I would like the lines below, from the one with "Double Pu‘er tea cake wooden gift box set" through the one with "Seit der gleichzeitigen", copied exactly and without any pictures.

Materials provided START

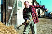 Das MillionenpferdKommissar Böck (Heinz Weixelbraun) ist auf der Suche nach dem Springpferd Sirius.Bild: © Sat.1 Eigenproduktionsbild frei
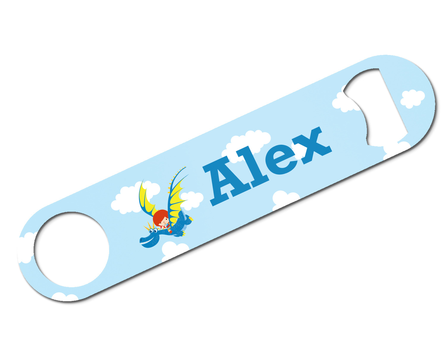 What little boy doesn't want to tame his own dragon? Open his imagination with this adorable design showing your little man flying through a beautiful blue cloudy sky on his own dragon.
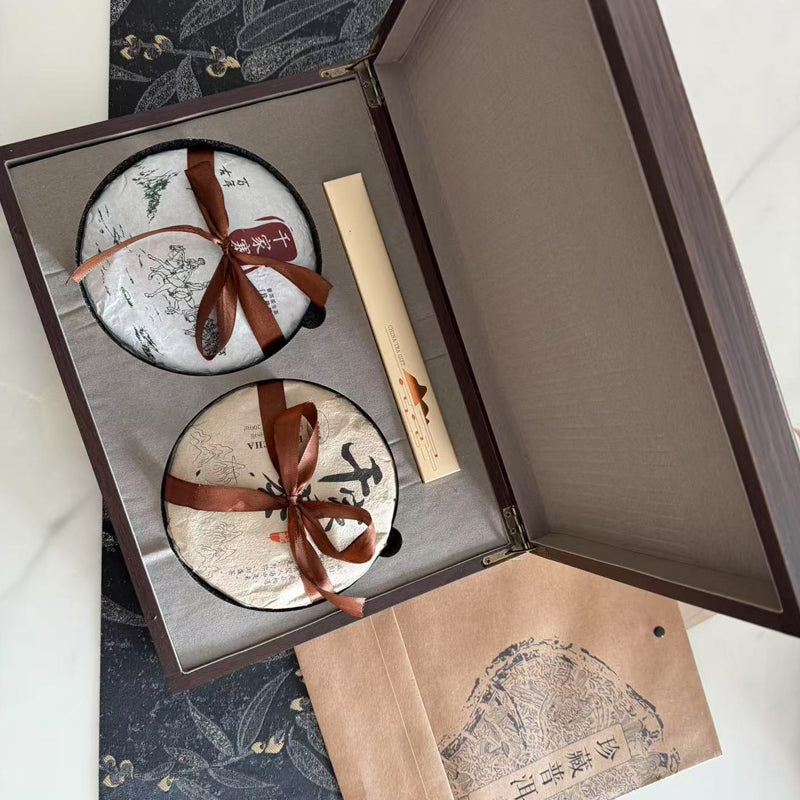 Double Pu‘er tea cake wooden gift box set
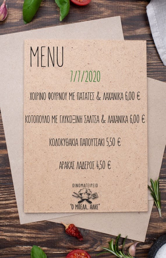 Το μενού για σήμερα Τρίτη από το Οινομαγειρείο ”Ο ΜΠΕΛΛ..ΑΛΗΣ” – DELIVERY
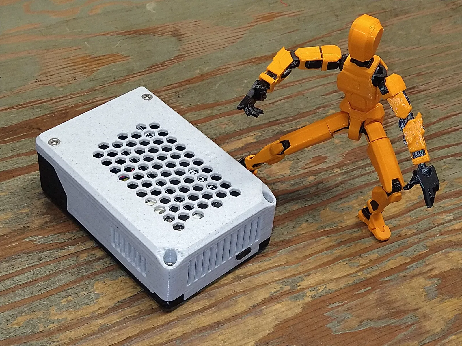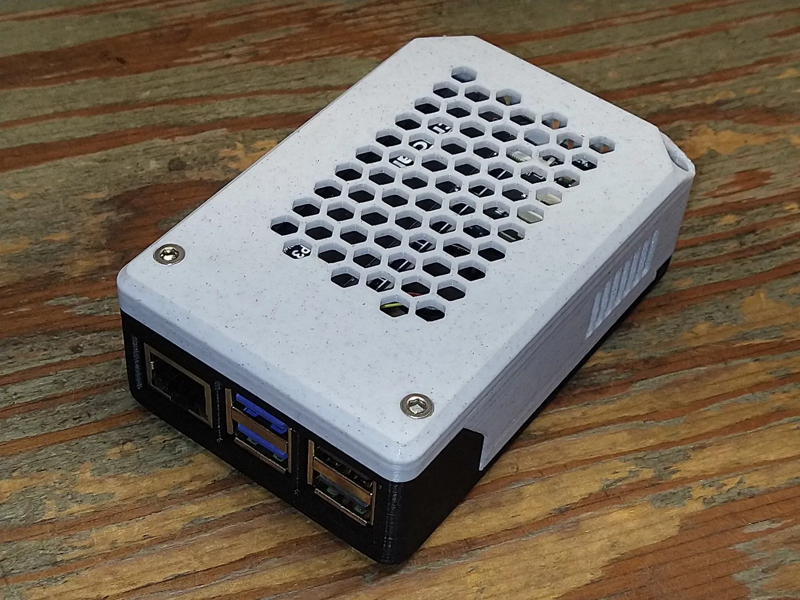 Nút nguồn có một lỗ có thể đổ keo nến (hot glue) vào để làm ống dẫn sáng, giúp nút hiển thị trạng thái hiện tại của hệ thống. *Nhớ gắn nút từ phía bên trong vỏ trước khi đặt bo mạch Raspberry Pi vào.
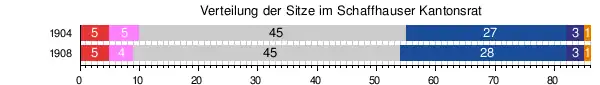 Seit der gleichzeitigen Gründung der FDP und der SP im Jahr 1904 lassen sich die Kantonsräte aus den Städten Schaffhausen und Neuhausen einer Partei zuordnen, während in den ländlicheren Gemeinden erst im Jahr 1918 durch die Gründung der Bauernpartei Schaffhausen (BP) die Parteipolitik Einzug hielt.[3]
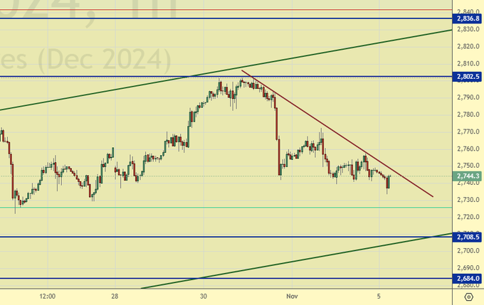 Сегодня вторник (это для тех, кто после праздника), а заседание ФРС в четверг. Не исключен легкий подъем, но в целом рынок будет ждать заседание ФРС. Новых идей нет, только старые. Рост к 2838 можно использовать для продаж.

Materials provided END

■ Answer space
 Double Pu‘er tea cake wooden gift box set
 Το μενού για σήμερα Τρίτη από το Οινομαγειρείο ”Ο ΜΠΕΛΛ..ΑΛΗΣ” – DELIVERY
 Nút nguồn có một lỗ có thể đổ keo nến (hot glue) vào để làm ống dẫn sáng, giúp nút hiển thị trạng thái hiện tại của hệ thống. *Nhớ gắn nút từ phía bên trong vỏ trước khi đặt bo mạch Raspberry Pi vào.
 Seit der gleichzeitigen Gründung der FDP und der SP im Jahr 1904 lassen sich die Kantonsräte aus den Städten Schaffhausen und Neuhausen einer Partei zuordnen, während in den ländlicheren Gemeinden erst im Jahr 1918 durch die Gründung der Bauernpartei Schaffhausen (BP) die Parteipolitik Einzug hielt.[3]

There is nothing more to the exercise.